• _Your assignment_
The answer should be a faithful retyping of the records that follow, pictures excluded.

• _Recorded information_
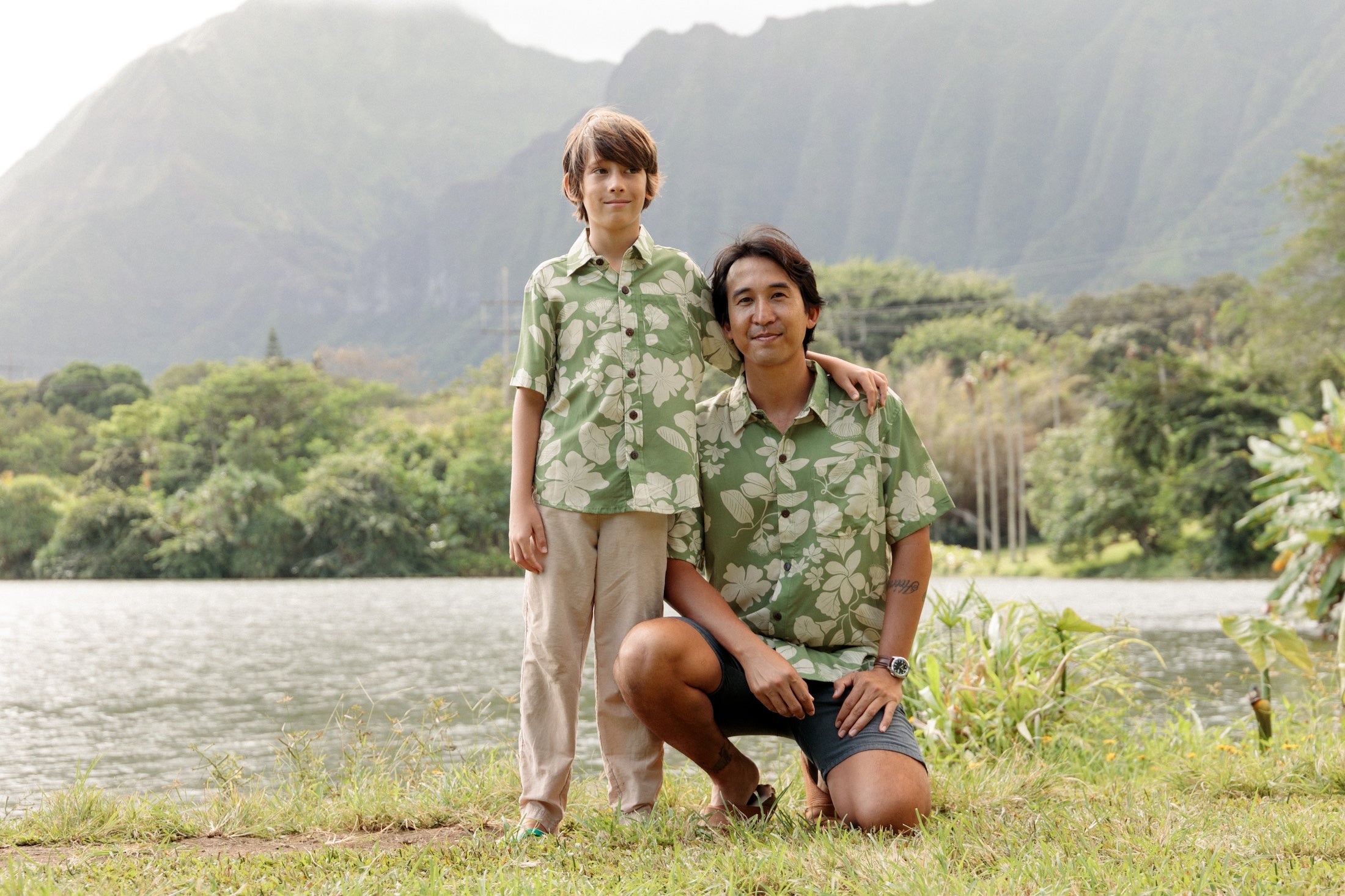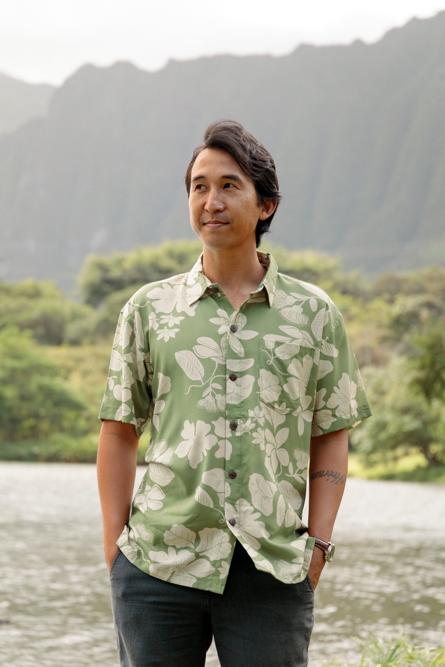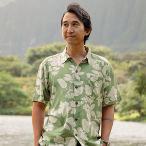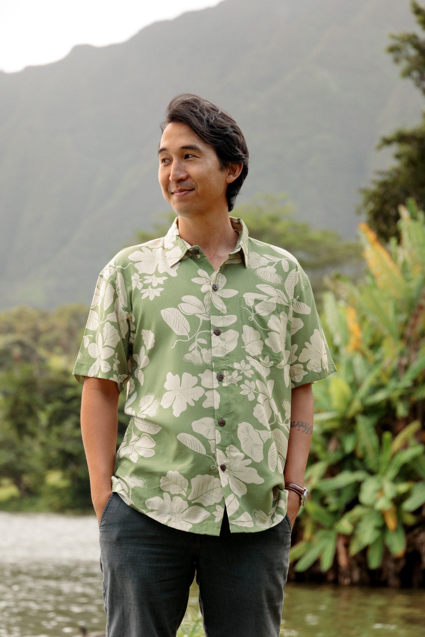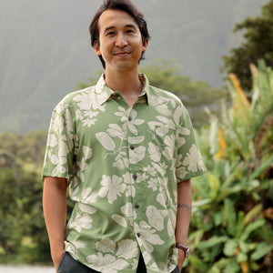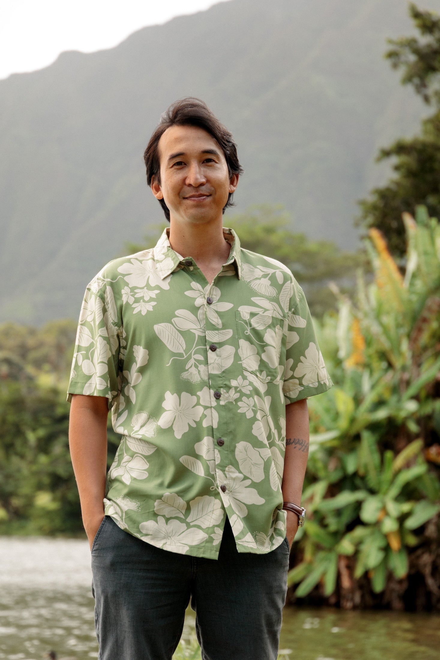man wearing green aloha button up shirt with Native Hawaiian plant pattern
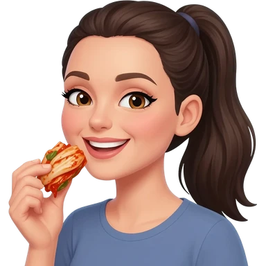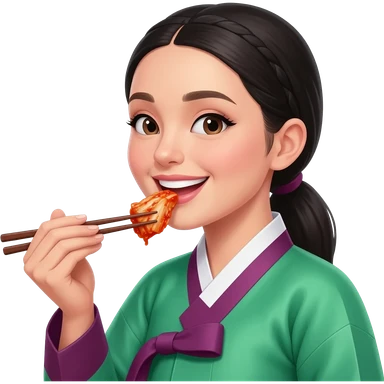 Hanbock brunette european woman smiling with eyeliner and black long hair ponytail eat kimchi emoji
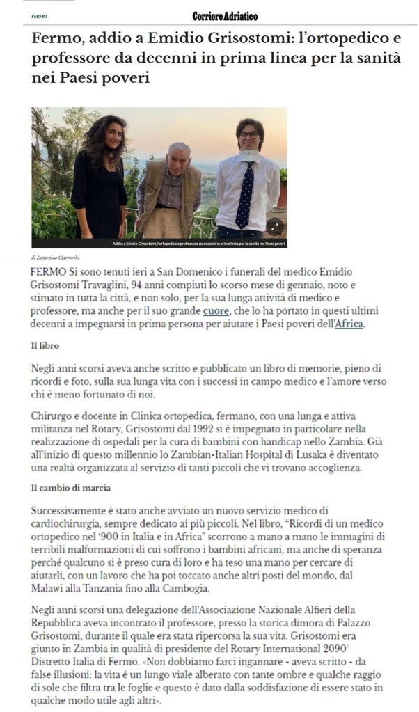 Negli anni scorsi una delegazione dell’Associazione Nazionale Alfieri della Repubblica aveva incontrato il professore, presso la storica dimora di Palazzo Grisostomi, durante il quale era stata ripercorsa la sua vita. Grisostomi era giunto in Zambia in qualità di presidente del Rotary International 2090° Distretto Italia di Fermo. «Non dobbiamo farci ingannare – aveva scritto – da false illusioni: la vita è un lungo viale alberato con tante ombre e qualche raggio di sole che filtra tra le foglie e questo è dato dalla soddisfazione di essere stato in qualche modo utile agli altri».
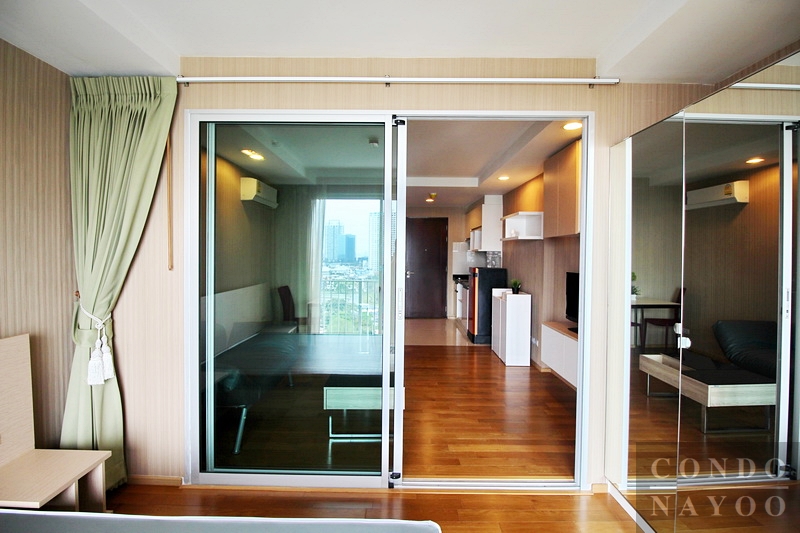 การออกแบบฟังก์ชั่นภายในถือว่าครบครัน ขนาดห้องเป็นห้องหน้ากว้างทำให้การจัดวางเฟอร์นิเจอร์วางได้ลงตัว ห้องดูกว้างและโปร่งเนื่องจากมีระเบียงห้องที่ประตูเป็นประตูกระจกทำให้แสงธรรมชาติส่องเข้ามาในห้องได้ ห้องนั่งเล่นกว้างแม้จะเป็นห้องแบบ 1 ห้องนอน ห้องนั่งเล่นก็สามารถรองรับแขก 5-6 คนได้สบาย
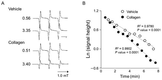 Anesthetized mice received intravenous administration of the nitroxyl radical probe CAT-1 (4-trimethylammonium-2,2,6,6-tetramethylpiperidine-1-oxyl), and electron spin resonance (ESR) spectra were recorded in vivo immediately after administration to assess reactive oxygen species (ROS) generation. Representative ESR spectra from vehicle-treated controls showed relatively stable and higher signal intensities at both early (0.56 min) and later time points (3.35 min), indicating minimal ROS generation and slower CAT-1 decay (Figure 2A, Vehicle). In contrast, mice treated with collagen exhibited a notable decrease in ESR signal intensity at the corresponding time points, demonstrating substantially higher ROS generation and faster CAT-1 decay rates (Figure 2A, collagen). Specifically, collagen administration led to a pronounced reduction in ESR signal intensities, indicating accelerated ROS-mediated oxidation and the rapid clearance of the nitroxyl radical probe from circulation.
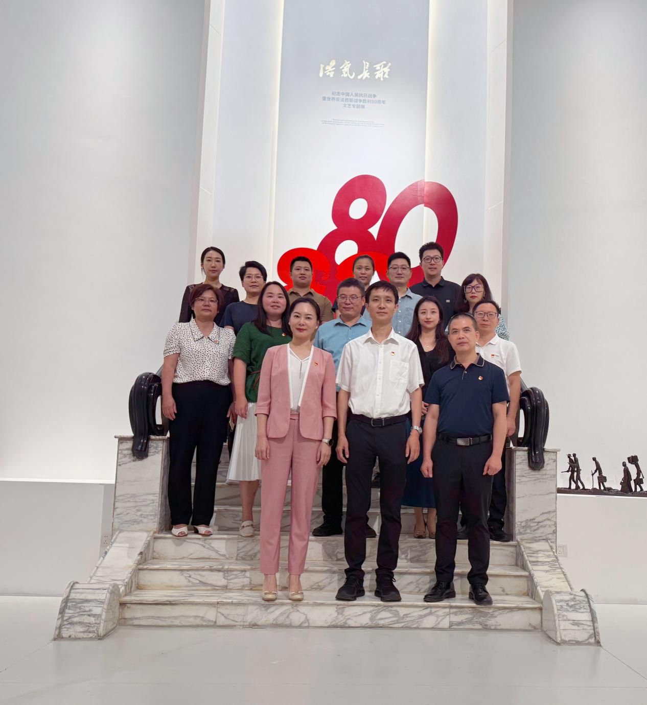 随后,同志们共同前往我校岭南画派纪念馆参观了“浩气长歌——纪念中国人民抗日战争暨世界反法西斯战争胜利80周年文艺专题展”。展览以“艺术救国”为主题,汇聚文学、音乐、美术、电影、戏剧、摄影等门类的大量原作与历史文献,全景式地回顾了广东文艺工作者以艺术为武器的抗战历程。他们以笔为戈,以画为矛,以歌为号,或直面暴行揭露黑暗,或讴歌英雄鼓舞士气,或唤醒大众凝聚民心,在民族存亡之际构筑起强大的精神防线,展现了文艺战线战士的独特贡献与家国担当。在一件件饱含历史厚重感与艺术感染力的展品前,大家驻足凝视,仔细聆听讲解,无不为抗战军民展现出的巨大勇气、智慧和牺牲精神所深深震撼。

• _Task solution_
man wearing green aloha button up shirt with Native Hawaiian plant pattern
 Hanbock brunette european woman smiling with eyeliner and black long hair ponytail eat kimchi emoji
 Negli anni scorsi una delegazione dell’Associazione Nazionale Alfieri della Repubblica aveva incontrato il professore, presso la storica dimora di Palazzo Grisostomi, durante il quale era stata ripercorsa la sua vita. Grisostomi era giunto in Zambia in qualità di presidente del Rotary International 2090° Distretto Italia di Fermo. «Non dobbiamo farci ingannare – aveva scritto – da false illusioni: la vita è un lungo viale alberato con tante ombre e qualche raggio di sole che filtra tra le foglie e questo è dato dalla soddisfazione di essere stato in qualche modo utile agli altri».
 การออกแบบฟังก์ชั่นภายในถือว่าครบครัน ขนาดห้องเป็นห้องหน้ากว้างทำให้การจัดวางเฟอร์นิเจอร์วางได้ลงตัว ห้องดูกว้างและโปร่งเนื่องจากมีระเบียงห้องที่ประตูเป็นประตูกระจกทำให้แสงธรรมชาติส่องเข้ามาในห้องได้ ห้องนั่งเล่นกว้างแม้จะเป็นห้องแบบ 1 ห้องนอน ห้องนั่งเล่นก็สามารถรองรับแขก 5-6 คนได้สบาย
 Anesthetized mice received intravenous administration of the nitroxyl radical probe CAT-1 (4-trimethylammonium-2,2,6,6-tetramethylpiperidine-1-oxyl), and electron spin resonance (ESR) spectra were recorded in vivo immediately after administration to assess reactive oxygen species (ROS) generation. Representative ESR spectra from vehicle-treated controls showed relatively stable and higher signal intensities at both early (0.56 min) and later time points (3.35 min), indicating minimal ROS generation and slower CAT-1 decay (Figure 2A, Vehicle). In contrast, mice treated with collagen exhibited a notable decrease in ESR signal intensity at the corresponding time points, demonstrating substantially higher ROS generation and faster CAT-1 decay rates (Figure 2A, collagen). Specifically, collagen administration led to a pronounced reduction in ESR signal intensities, indicating accelerated ROS-mediated oxidation and the rapid clearance of the nitroxyl radical probe from circulation.
 随后,同志们共同前往我校岭南画派纪念馆参观了“浩气长歌——纪念中国人民抗日战争暨世界反法西斯战争胜利80周年文艺专题展”。展览以“艺术救国”为主题,汇聚文学、音乐、美术、电影、戏剧、摄影等门类的大量原作与历史文献,全景式地回顾了广东文艺工作者以艺术为武器的抗战历程。他们以笔为戈,以画为矛,以歌为号,或直面暴行揭露黑暗,或讴歌英雄鼓舞士气,或唤醒大众凝聚民心,在民族存亡之际构筑起强大的精神防线,展现了文艺战线战士的独特贡献与家国担当。在一件件饱含历史厚重感与艺术感染力的展品前,大家驻足凝视,仔细聆听讲解,无不为抗战军民展现出的巨大勇气、智慧和牺牲精神所深深震撼。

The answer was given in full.